Any advice/comments from you more experienced folks is appreciated!


----------



## saculnhoj (May 18, 2015)

turning long spindles are challenging. What tool are you using? Scraper really generate chatter. I use a spindle roughing gouge for most of the work. Generally the problem involves several things. First is to much pressure from the tailstock. Cut grooves in the drive end so you don't have to push hard with the tailstock to make it drive. 
Of course wood flexibility is an issue in itself and you willl find that some don't flex as much as others. The second reason is unsharp tools. Make sure your tools are very sharp. This leads to the next reason which is too much pressure on the bevel of the tool. If the tool isn't sharp or if your trying to cut with too much forward pressure you end up pushing against the bevel. This flex's the wood and starts the chatter and then it just gets worse. Try being really light with the tool. 
You might also try sharpening the tool to a more acute edge. Many spindle gouges or spindle roughing gouges come sharpened too blunt from the factory. I use about 35 degrees but no more than 45 degrees as measured from the flute across the bevel. 
I rarely use a steady rest anymore. Usually I can dampen the vibrations with my left hand around the piece pushing opposite the bevel. If the turning burns your hand your either turning too fast or pushing on the bevel too hard. 
Ideally the steady rest should just barely be pushing against the wood. Also start all of your work at the center and work toward the headstock and tailstock. That keeps the wood larger and reduces the chatter. If you thin both ends and the middle at once you really increase the chatter.


----------



## BlackWater (Nov 20, 2009)

Thanks, saculnhoj! Lots of good advice and suggestions there! I'll keep them in mind next time I try to turn something long and skinny.


----------



## firehawkmph (Apr 26, 2008)

Don't know where Blackwater is in Ohio, but there are woodturning clubs in most of the major cities. I always recommend new turners find a club to join. You'll meet a lot of friendly people and learn how to turn, sharpen your tools, and everything else in between. Really shortens up the learning curve and gets rid of bad habits.
Mike Hawkins


----------



## Bill Boehme (Feb 9, 2014)

I have a few suggestions:

With the blank between centers and light tailstock pressure, turn a tenon on the headstock end.

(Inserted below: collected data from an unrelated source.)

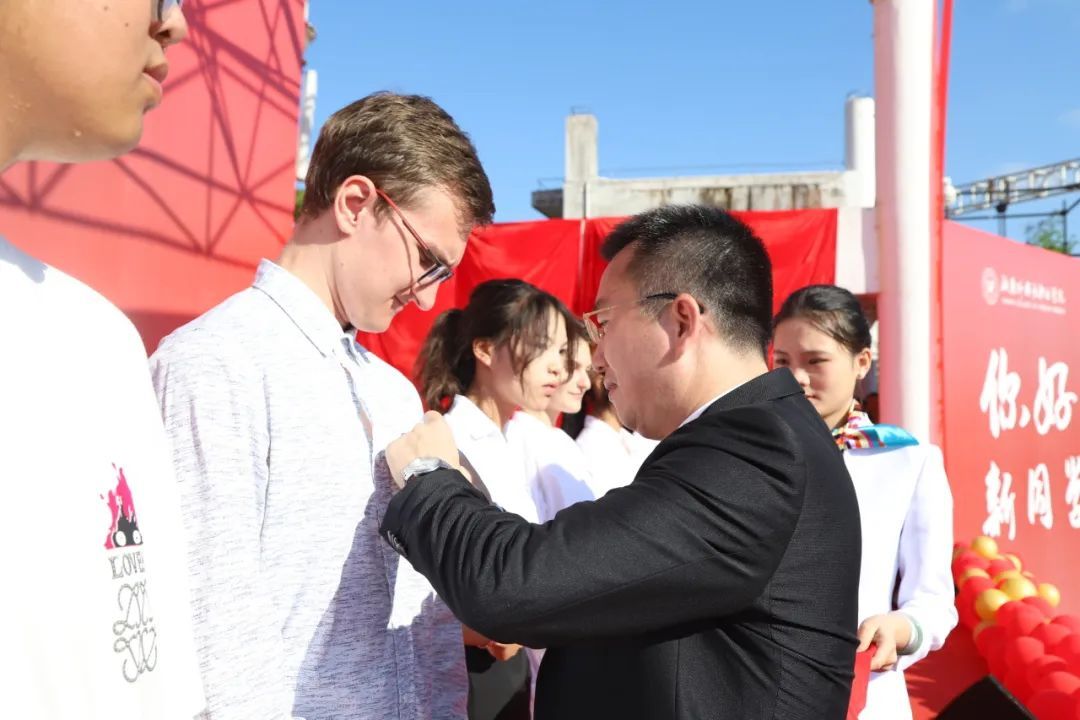 陈正强为新生代表佩戴刻着“jinnianhui今年会”九个字的校徽,标志着新生们正式成为jinnianhui今年会的一员。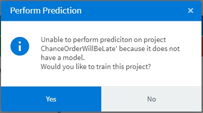 This message is displayed when you attempt to perform a prediction on a project that hasn't been trained yet.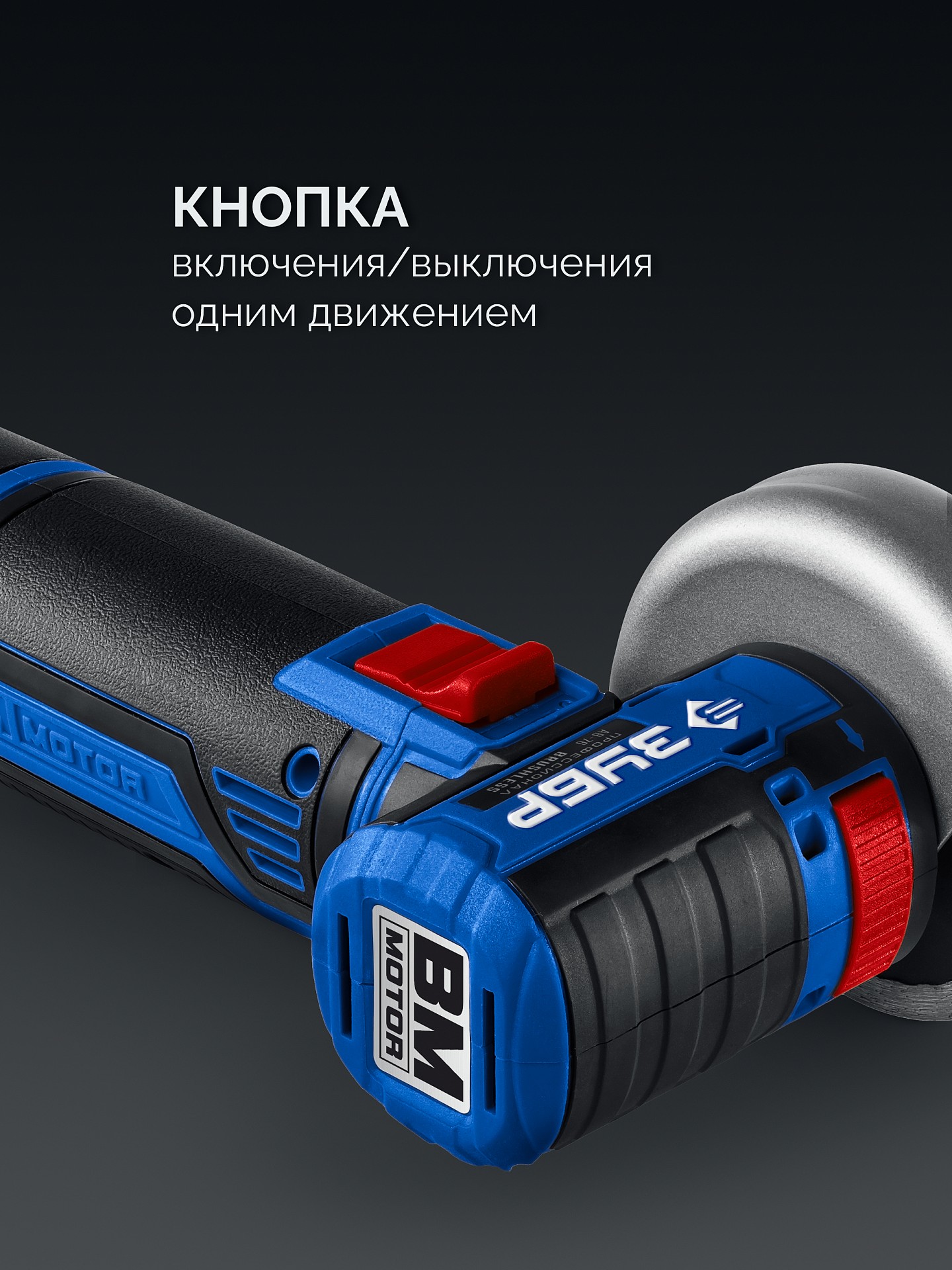 - защита от повторного пуска при установке батареи с включенным выключателем - Быстрый тормоз вала для сокращения выбега при выключении

See the next step to determine the right diameter of the tenon.
Remove the blank and spur drive and install a scroll chuck on the drive spindle with jaws of the appropriate size for a perfect circle fit. I like Vicmarc chucks because of their precision and each set of jaws state the perfect circle diameter. Note that the tenon in the previous step will need to be dovetailed if you use dovetail jaws.
Install the blank and use just enough tailstock pressure to gently snug the shoulder of the tenon against the top of the jaws.
The purpose of the chuck is to minimize the pressure between the spindle drive spur and the tailstock live center. Pressure will try to bow the piece as it gets thinner.
Begin at the tailstock end and work your way towards the headstock. By doing this, you will have wood of ample thickness from the driving end that is less likely to flex. If you try to work the whole length simultaneously the problem of flexing will be worse. I suggest using an SRG (spindle roughing gouge) for removing material and then using a skew for final smoothing. Make sure that your tools are surgically sharp and stop frequently to resharpen.
Stay mindful of tool pressure ... it needs to be very light, especially as the piece gets thinner. I often wrap the fingers of my left hand around the back of the piece while controlling the tool with my right hand if whipping Starr's to become a problem. This is much more effective than a steady rest.
If the part closer to the tailstock begins to flutter as you get closer to the headstock it might be helpful to use the steady rest about mid-span. The correct way to use the steady rest is to adjust it so that each wheel just barely contacts the wood. Don't clamp it tightly or it might actually exacerbate the problem because the force exerceted by each wheel will not be equal to the others. I've turned a number of long thin spindles and I don't have a steady rest and don't feel the need for one.
Wood with perfectly straight grain is easier to turn than wood with wild wavy grain. Riven wood is ideal and preferable to sawn wood. If you have to saw it then align your cut along the grain direction rather than cutting parallel to the edge of the board.
Long thin spindles aren't easy so practice and experience are necessary.

As previously mentioned, joining a turning club is well worth it. Other turners can provide valuable mentoring that can save a newbie years of frustration.


----------